National party activist David Farrar (on his blog and National Radio this afternoon) nicely summarised the policy, as:

  • Paid work is the best way to reduce child poverty
  • A part-time work obligation on DPB recipients whose youngest child is six or older
  • A part-time work obligation on those (5,600) sickness and invalids beneficiaries who have been assessed as capable of working part-time
  • No work for the dole
  • Any long-term unemployed (one year or more) will have to reapply for the benefit and undergo a comprehensive work assessment
  • Case Managers to be given more options rather than just stopping benefit payments, such as a graduated reduction as an interim sanction
  • Increase in the earnings threshold before abatement from $80 a week to $100 a week
  • Anyone on the sickness benefit for more than a year will be sent to a designated doctor for an assessment
  • CPI adjustments to benefits to be enshrined in law (as it is for Super) rather than merely being convention
  • Those who frequently need benefit advances to attend (at taxpayer expense) a budget advisory service to help them manage
  • In my view, there are two positive points – increasing the abatement threshold from $80 to $100, and inflation (CPI) adjusting benefits in law – with one neutral point – budget advice (depending on how it is handled) – and the rest are 6 negative points (I ignore the claimed ‘no work for dole’ as it is contradicted by the following point, where unemployed have to reapply and get assessed – these are the first steps to work for dole). So an overall fail mark.
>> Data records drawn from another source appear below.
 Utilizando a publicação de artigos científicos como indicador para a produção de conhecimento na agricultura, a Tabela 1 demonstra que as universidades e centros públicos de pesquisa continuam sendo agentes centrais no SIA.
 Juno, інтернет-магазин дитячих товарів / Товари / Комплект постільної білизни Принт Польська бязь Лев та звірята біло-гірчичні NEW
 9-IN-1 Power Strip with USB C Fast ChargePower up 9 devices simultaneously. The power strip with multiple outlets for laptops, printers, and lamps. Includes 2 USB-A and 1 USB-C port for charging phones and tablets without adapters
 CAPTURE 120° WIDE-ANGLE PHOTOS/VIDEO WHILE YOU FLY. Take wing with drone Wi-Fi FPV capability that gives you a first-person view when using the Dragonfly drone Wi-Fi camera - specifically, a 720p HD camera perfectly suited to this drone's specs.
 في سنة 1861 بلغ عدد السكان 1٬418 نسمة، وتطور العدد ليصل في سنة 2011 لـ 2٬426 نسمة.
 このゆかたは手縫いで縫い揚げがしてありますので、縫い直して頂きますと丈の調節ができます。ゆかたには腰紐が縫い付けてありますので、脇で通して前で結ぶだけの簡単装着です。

    Naturally, the Greens are baffled, Labour must be gleeful at their main opponents blundering like this and swiftly pointed out the old Nats ‘dob in a bludger’ campaign, and the other minor parties will struggle to find time to even comment (please media – don’t ask Peter Dunne what he thinks; if he had any policy he would have told you already).
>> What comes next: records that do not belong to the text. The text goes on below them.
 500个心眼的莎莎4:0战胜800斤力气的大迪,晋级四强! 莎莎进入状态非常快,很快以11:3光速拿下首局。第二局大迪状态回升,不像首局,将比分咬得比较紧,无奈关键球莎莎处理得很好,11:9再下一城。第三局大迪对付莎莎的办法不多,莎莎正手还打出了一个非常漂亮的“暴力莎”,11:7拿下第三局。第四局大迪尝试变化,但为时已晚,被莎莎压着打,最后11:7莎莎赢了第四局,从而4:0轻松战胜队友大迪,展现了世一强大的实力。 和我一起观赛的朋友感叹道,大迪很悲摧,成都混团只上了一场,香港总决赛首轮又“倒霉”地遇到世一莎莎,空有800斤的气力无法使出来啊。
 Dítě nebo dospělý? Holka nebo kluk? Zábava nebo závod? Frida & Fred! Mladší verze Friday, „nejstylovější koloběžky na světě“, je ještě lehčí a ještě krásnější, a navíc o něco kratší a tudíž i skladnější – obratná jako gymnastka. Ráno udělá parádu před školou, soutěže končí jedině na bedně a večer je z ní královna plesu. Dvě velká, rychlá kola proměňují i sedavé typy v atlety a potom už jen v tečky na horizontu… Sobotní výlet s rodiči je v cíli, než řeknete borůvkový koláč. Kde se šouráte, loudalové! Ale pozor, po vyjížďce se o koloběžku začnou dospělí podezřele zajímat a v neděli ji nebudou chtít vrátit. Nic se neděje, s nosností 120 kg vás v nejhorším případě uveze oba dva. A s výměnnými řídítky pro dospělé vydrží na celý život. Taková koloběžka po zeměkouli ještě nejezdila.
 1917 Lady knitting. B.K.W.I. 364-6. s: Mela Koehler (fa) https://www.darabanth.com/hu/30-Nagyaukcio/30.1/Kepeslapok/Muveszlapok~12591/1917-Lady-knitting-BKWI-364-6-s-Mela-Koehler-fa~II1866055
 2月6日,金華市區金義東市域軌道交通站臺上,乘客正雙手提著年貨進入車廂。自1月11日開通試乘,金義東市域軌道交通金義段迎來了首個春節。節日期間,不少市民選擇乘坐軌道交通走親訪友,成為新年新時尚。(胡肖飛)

    In my view, yes, there are people who are content to live on benefits when they could get ‘some’ paid work, but that is a very badly paid life that would not be very pleasant to live. The real focus should be on helping people into well-paid work (not just minimum wage) that fits in with their family commitments. And forcing invalids to work 15 hours a week or get their benefit cut is just obscene.
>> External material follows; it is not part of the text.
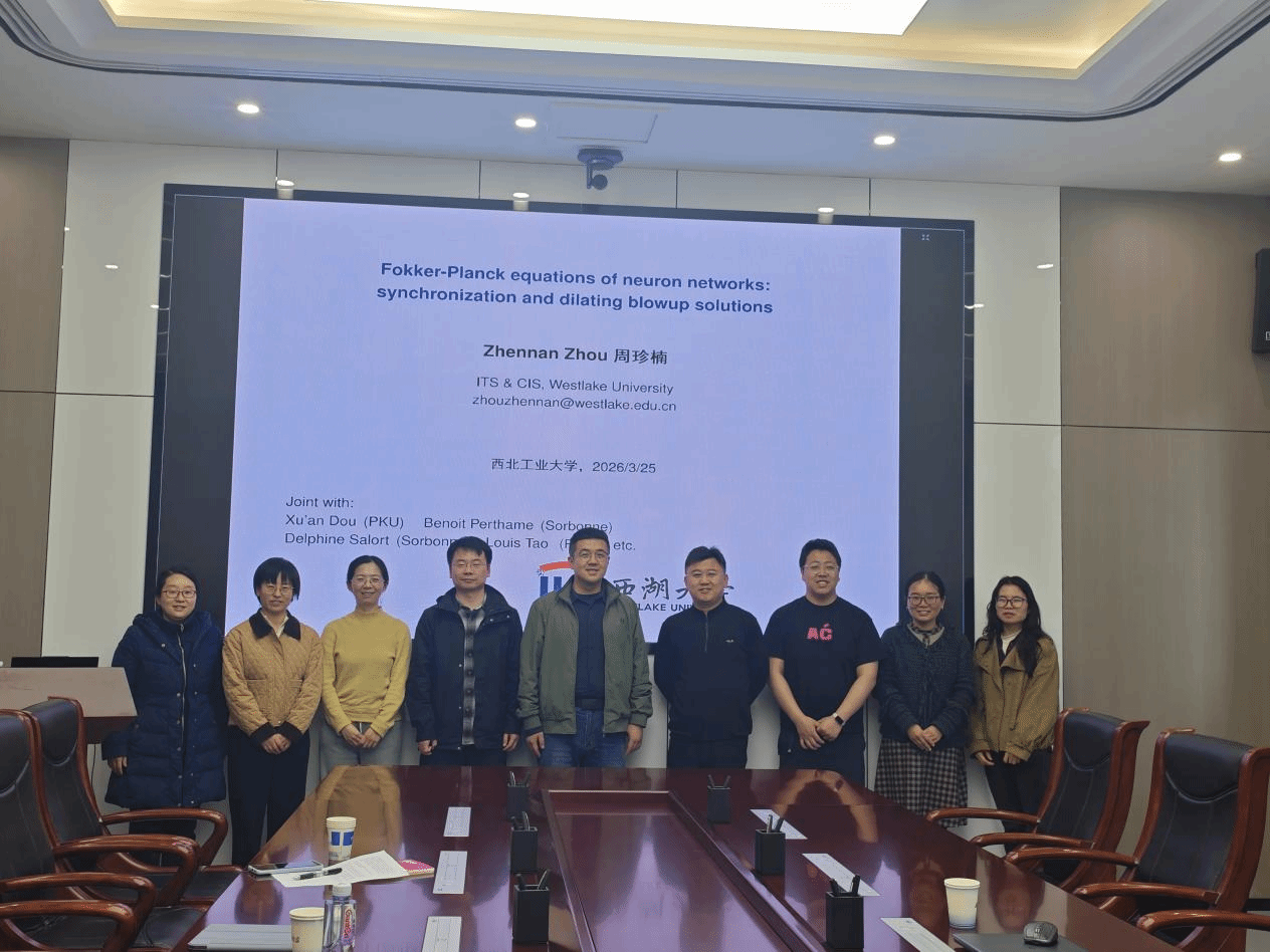 2026年3月25日,直播做爱 第40期“九章学术讲堂”在长安校区海天苑大楼E108会议室成功举办。本次讲堂邀请西湖大学理论科学研究院特聘研究员周珍楠博士作题为“Fokker-Planck equations of neuron ensembles: numerical simulation and dilating the blowup solution”的学术报告。报告会由赵丽静副教授主持,吸引了我院多位师生参加。
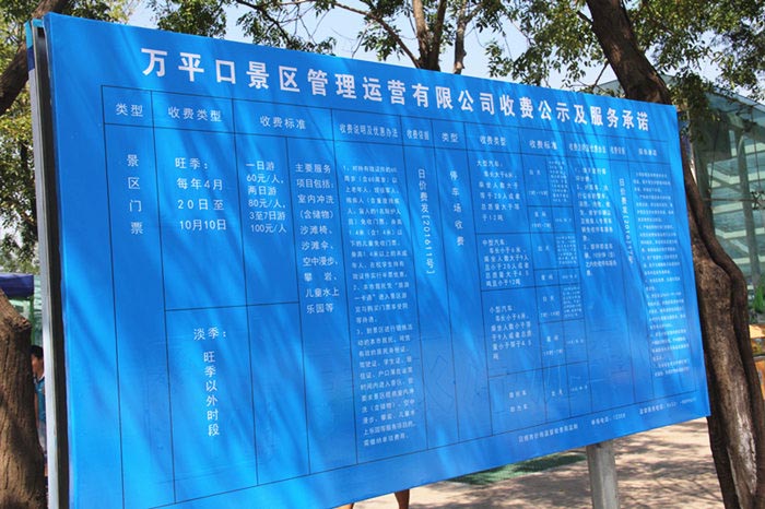 对此,市物价局价格监督检查局综合科科长曾茜表示,通过前期景区门票价格制定,市物价局组织召开万平口景区价格听证会,同时规范收费公示栏和明码标价签格式。景区营业后,与景区管理人员一起指导景区经营商户规范填写明码标价签。旅游旺季期间,加强不定时的市场价格巡查和明察暗访,检查景区门票和停车场收费情况,旅游商店商品标价是否规范,要求一货一标,小货商品归类标价,计价单位等内容是否标示完整,遇到标价不规范的,及时进行指导改正。如遇不明码标价现象,没有违法所得的,处5000元以下的罚款;有违法所得的,处一到五倍的罚款;涉嫌价格欺诈的,罚款5万到50万元。目前万平口景区内没有出现因价格问题引起的投诉。

    The truly interesting question has been ignored by all parties of course – given beneficiary numbers have dropped substantially over the economic boom in Labour’s 9 years as government, why haven’t WINZ staff been better able to give individual attention to the smaller numbers on the benefit?

    I know of at least one person on the dole who used to work until an accident, but when his health returned, the WINZ staff stupidly tried getting him into computing courses. Given his very evident low academic potential, they should have been helping him into a supervised labouring job, but….? Over ten years later, no change in circumstances. The beneficiary should not be blamed if the government (both Nat and Labour for this guy) have not helped him into work.  But better for him to be on a benefit than have the Nats cut his benefit because he hadn’t fixed things, when he is clearly not capable of doing so.

    Better policy needed National – by far!!!

    One good option would be for the state to offer guaranteed full-time work (at the $12 an hour minimum wage or higher) for anyone who wants it – beneficiaries or others. This allows beneficiaries to choose to step up if they want and are capable, while still providing benefits for those unable to work in these tasks (say DoC tree planting, etc). The obvious danger though, is that people will view those still on the (lower paid) benefits as ‘undeserving’, and demand the benefits get eliminated, in which case the guaranteed work opportunity becomes ‘work for the dole’ (though at least at minimum wage – a big boost from current benefit levels).